The authors studied the dynamic loading of a container in the vertical plane. The maximum accelerations on the constrainer were about 2.0 m/s² (Figure 5). The acceleration value obtained was 20% lower than the acceleration to the standard container. It should be noted that the mathematical model built did not include the angular displacements of a container in the vertical plane, it described only the translational motion.

The results of determination of the dynamic loading of a container in the longitudinal plane demonstrated that the maximum accelerations amounted to about 40.0 m/s² (Figure 7). The acceleration value obtained was 65% lower than the acceleration to the standard container. The mathematical model built included the longitudinal displacements of a flat car loaded with containers.

The strength characteristics of a container were defined with the strength calculation by means of the finite element method in the SolidWorks Simulation software. The maximum stresses to a container were about 200 MPa; they were concentrated near the front fittings and the maximum displacements were about 4 mm (Figure 11). Thus, the strength of a container was provided.

Further research in the field will include the experimental determination of the loading of a container; it can be fulfilled with the application of the strain measurement method.

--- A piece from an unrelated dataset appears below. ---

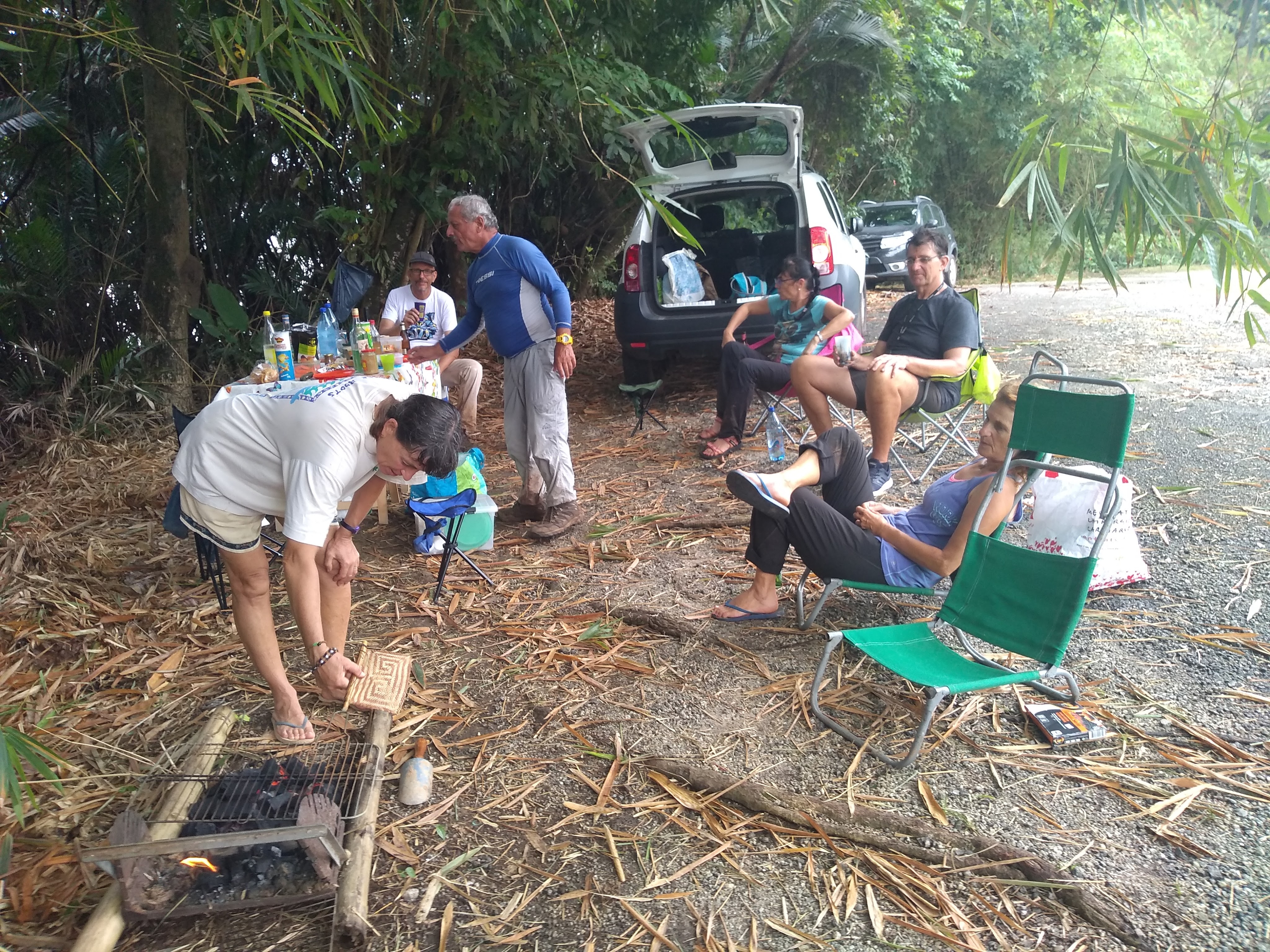 Après avoir sorti table, chaises, allumé le feu, nous goûtons aux rafraîchissements, apéritifs, grillades et mousse au chocolat bien mérités !

This research can be used in the development of innovative structures of containers, which can increase the efficiency of railway operations.

9. Conclusions

1. The study deals with the measures for improving the bearing structure of a container. The special feature of this container is its convex walls. The loading of the container structure can be decreased by means of elastic elements in fittings and cross bearers.

2. The authors determined the dynamic loading of a container in the vertical plane. The research was based on a flat car loaded with four containers. The linkage between the containers and the frame was taken as elastic. The maximum accelerations on a constrainer were about 2.0 m/s². The acceleration value obtained was 20% lower than the acceleration to the standard container.

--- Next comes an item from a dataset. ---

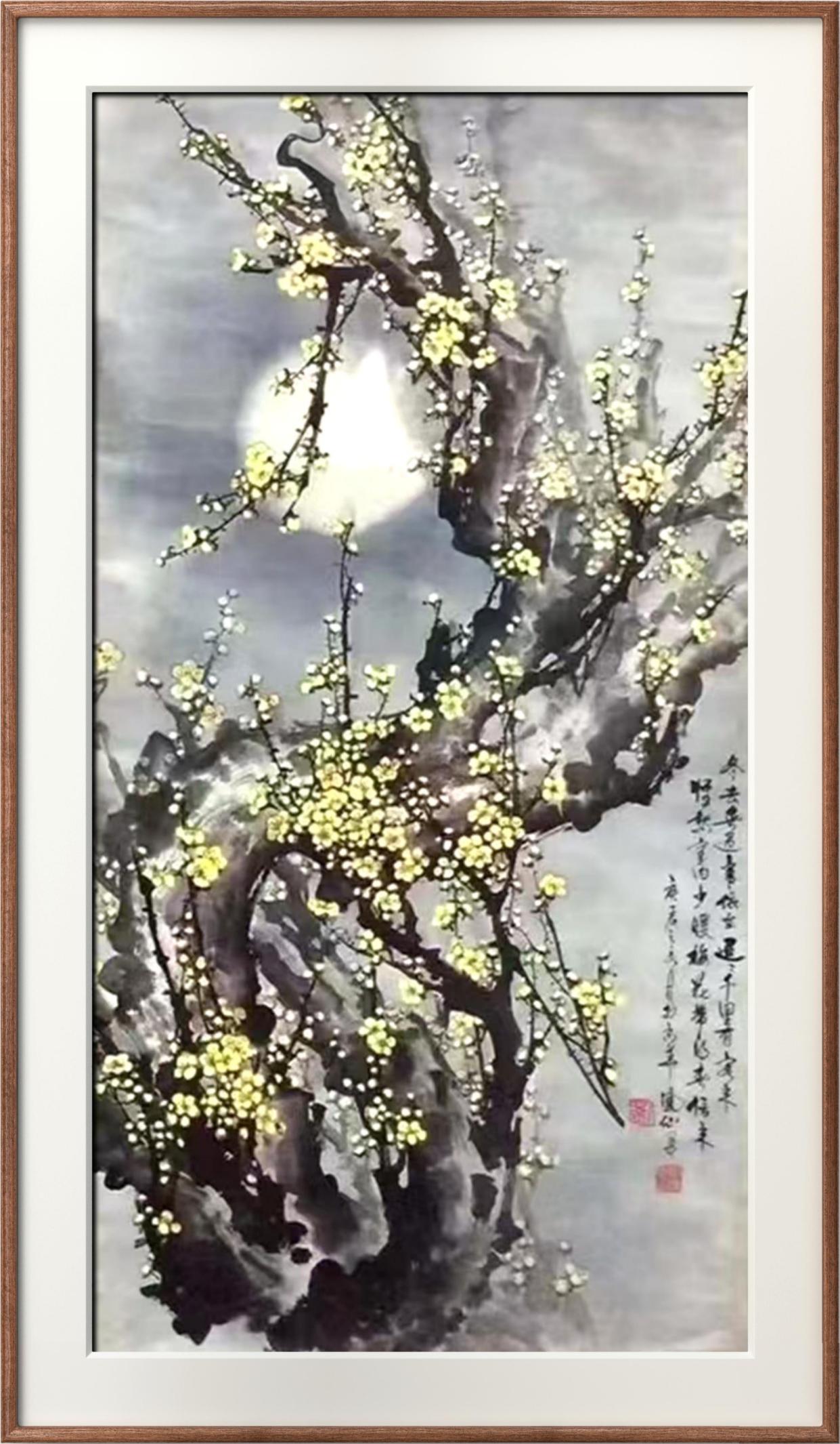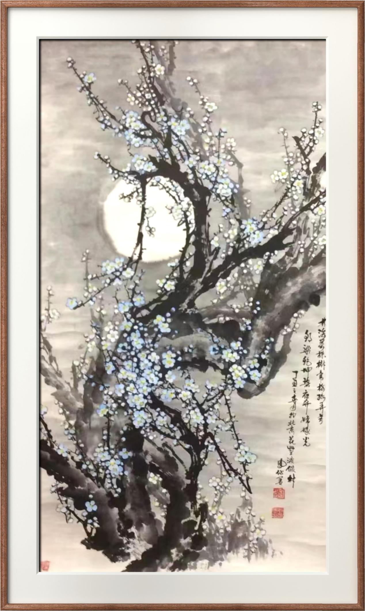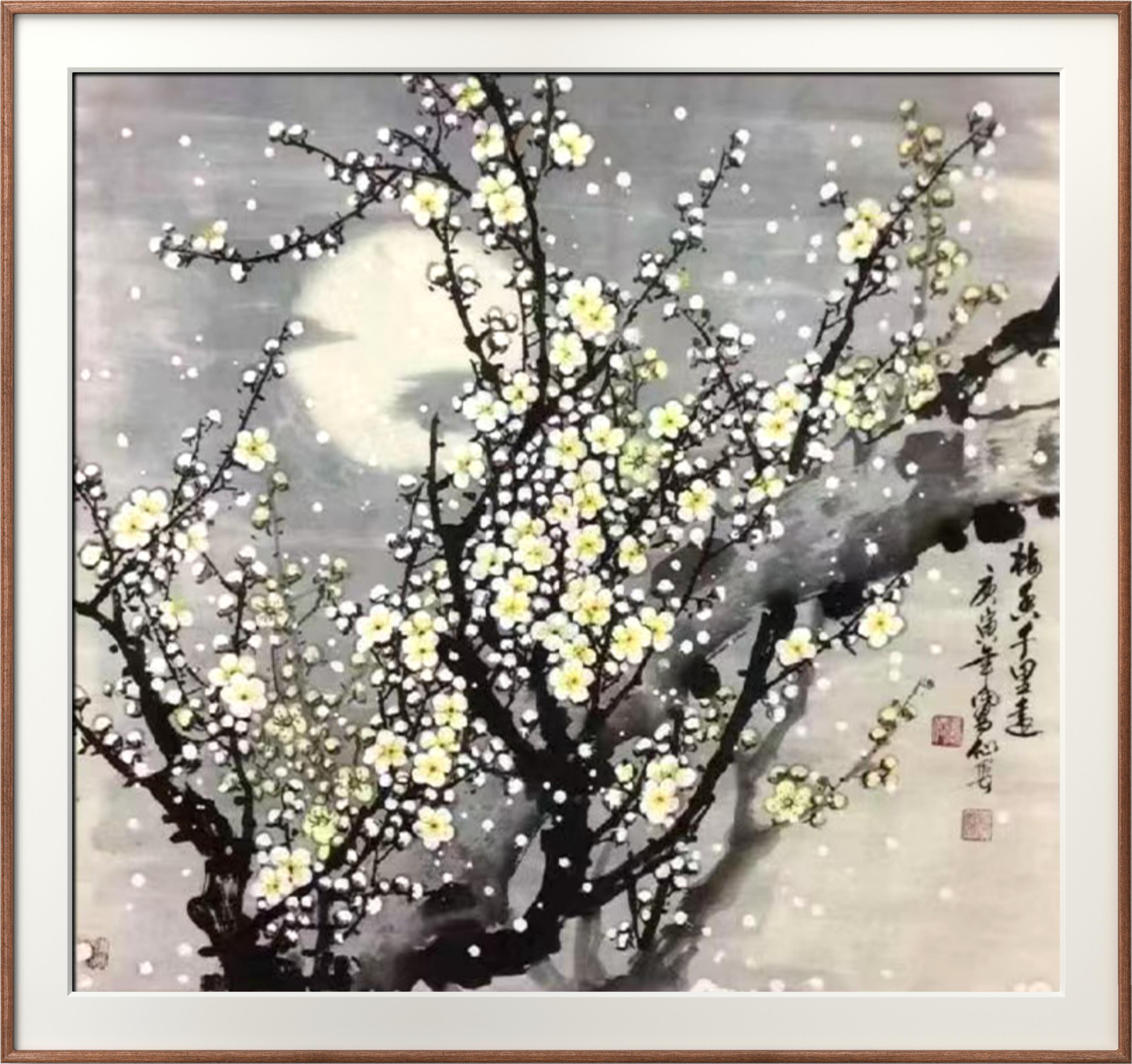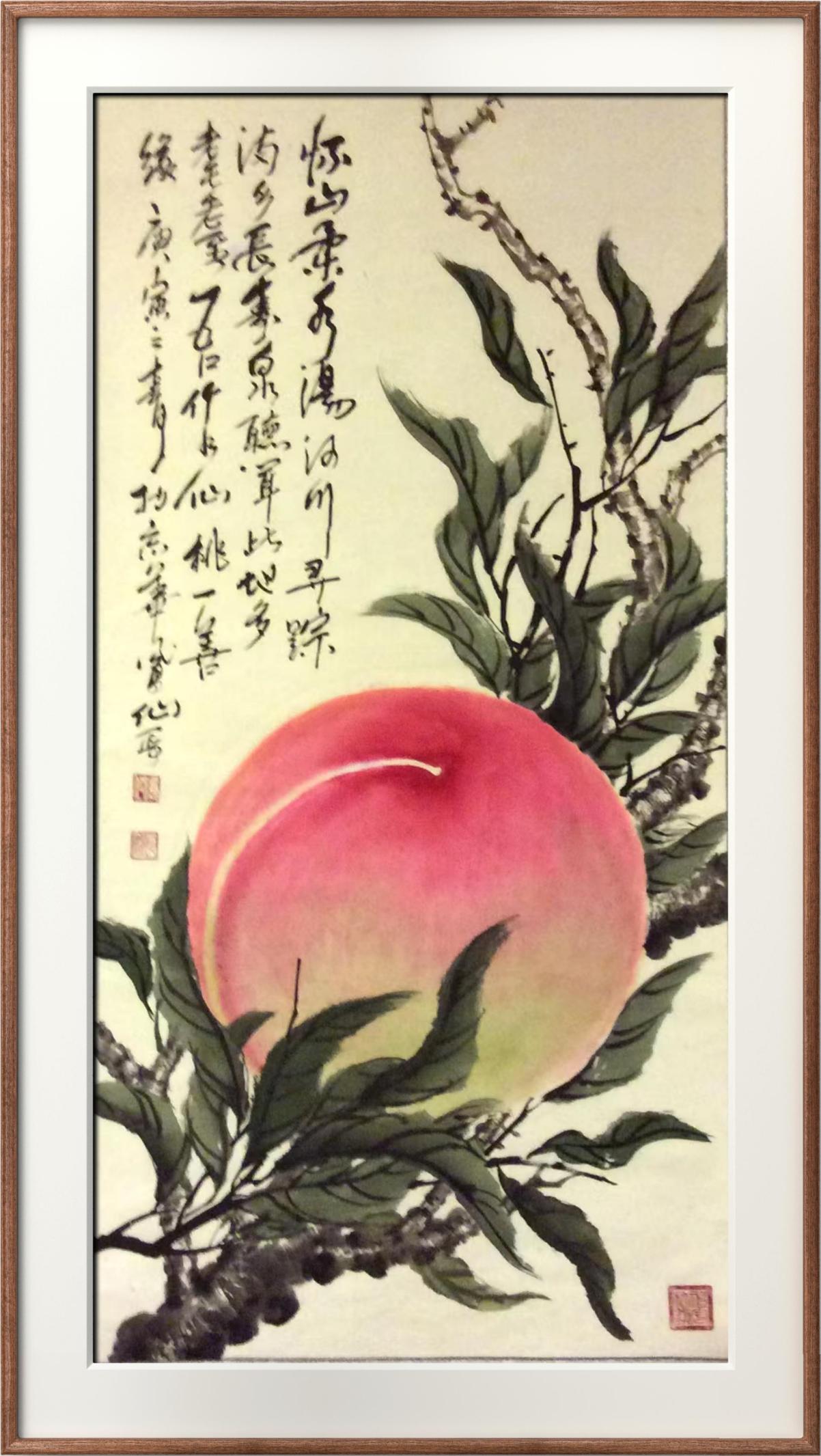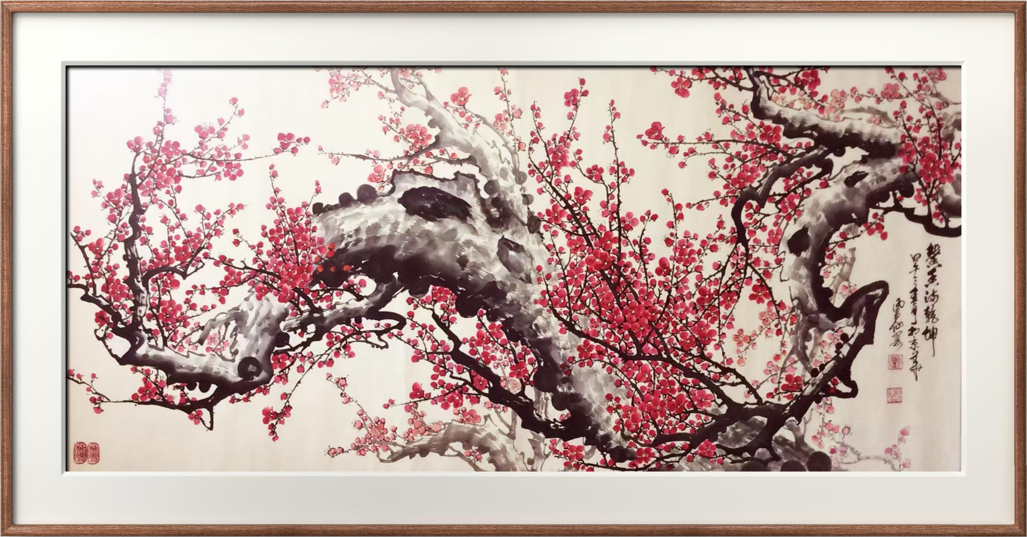 刘凤仙创作,意存笔先,画尽意在,豪放不显张扬,意境深远而不失恬淡清新,其梅花或艳如朝霞或白似瑞雪;寿桃或娇艳欲滴或灵秀芬芳,阵阵暗香仿佛跃出纸面,扑面而来,巧妙的将自然灵性点染画中,好似呼唤出了中国千年文化底蕴的深沉回声,诠释了中华民族古老艺术的深刻内涵。

3. The study deals with determination of the dynamic loading of a container in the longitudinal plane. The maximum accelerations to a constrainer were about 40.0 m/s². The acceleration value obtained was 65% lower than the acceleration to the standard container.

4. The authors determined the strength characteristics of the bearing structure of a container. The calculation was carried out with the finite element method. It was found that the maximum stresses to a container were about 200 MPa; they were concentrated near the front fittings. The maximum displacements were recorded in the cross bearers of the base and amounted to about 4 mm. The maximum deformations were 1.908 × 10³. Thus, the strength of a container was provided.